### Assignment
The listing is to be returned word for word, without its images.

### Data block
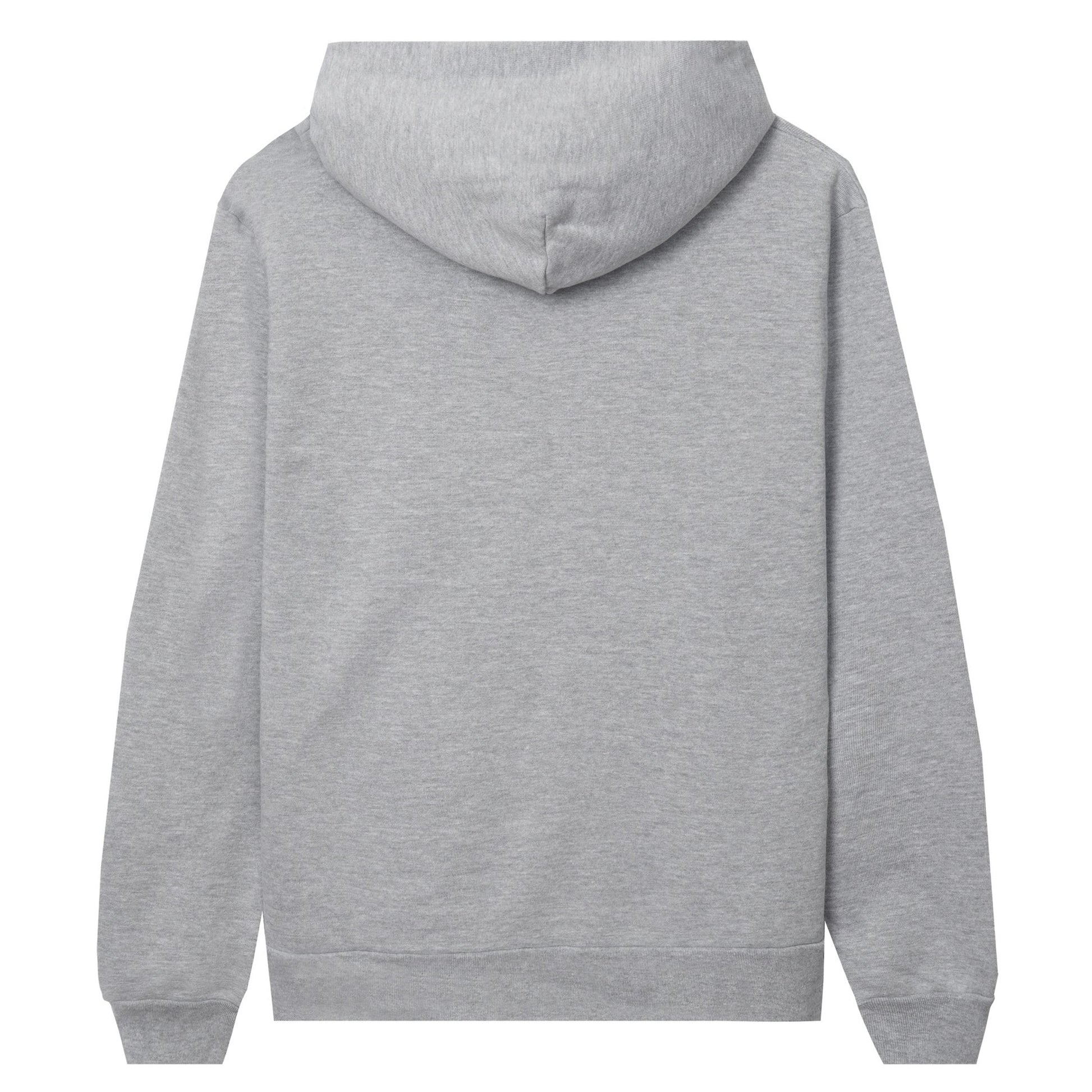 Heavyweight Cotton (14 oz) Custom Hooded Fleece. Screen printed and embroidered chest graphic. Made in USA.
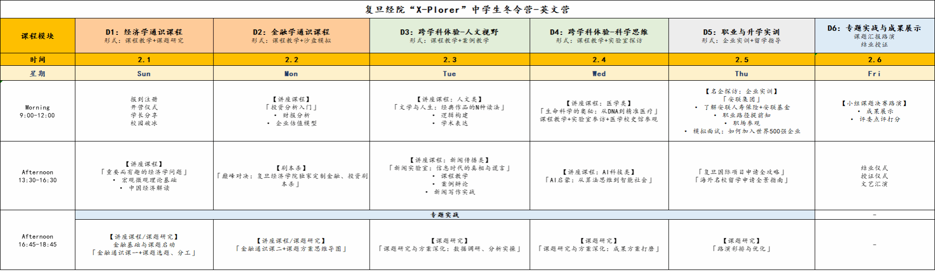 复旦经院“X-Plorer”中学生冬令营(英文授课)是复旦大学经济学院专为具有全球视野的优秀中学生打造的学术项目。我们提供经济与金融领域最前沿、最权威的课程内容,融合跨学科思维与实战训练,引领学生感受国际化一流商科教育的魅力,探索个人学术兴趣与未来发展的无限可能。
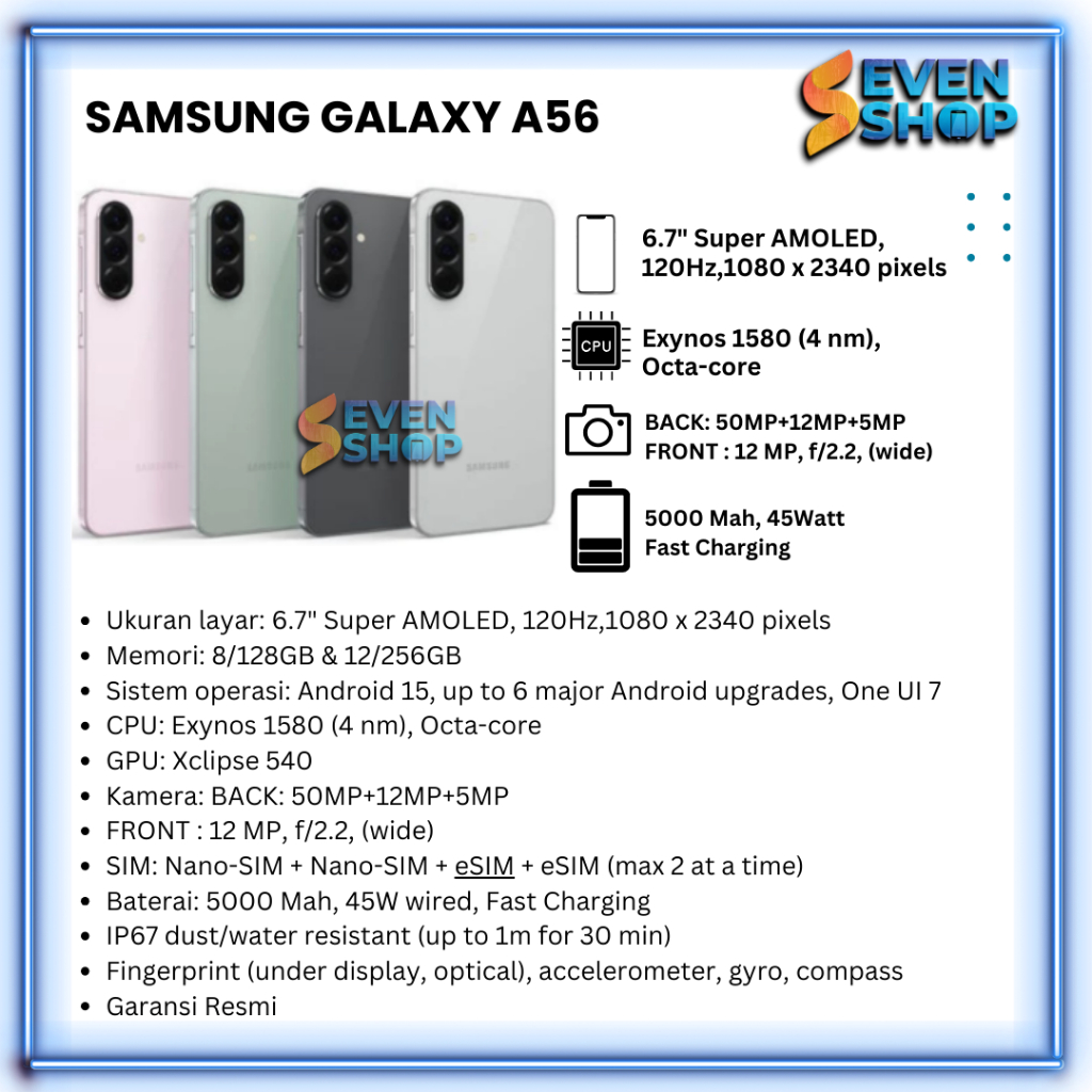 SAMSUNG GALAXY A56 RAM 8/128GB 8/256GB GARANSI RESMI 12 BULAN

### Answer to this task
 Heavyweight Cotton (14 oz) Custom Hooded Fleece. Screen printed and embroidered chest graphic. Made in USA.
 复旦经院“X-Plorer”中学生冬令营(英文授课)是复旦大学经济学院专为具有全球视野的优秀中学生打造的学术项目。我们提供经济与金融领域最前沿、最权威的课程内容,融合跨学科思维与实战训练,引领学生感受国际化一流商科教育的魅力,探索个人学术兴趣与未来发展的无限可能。
 SAMSUNG GALAXY A56 RAM 8/128GB 8/256GB GARANSI RESMI 12 BULAN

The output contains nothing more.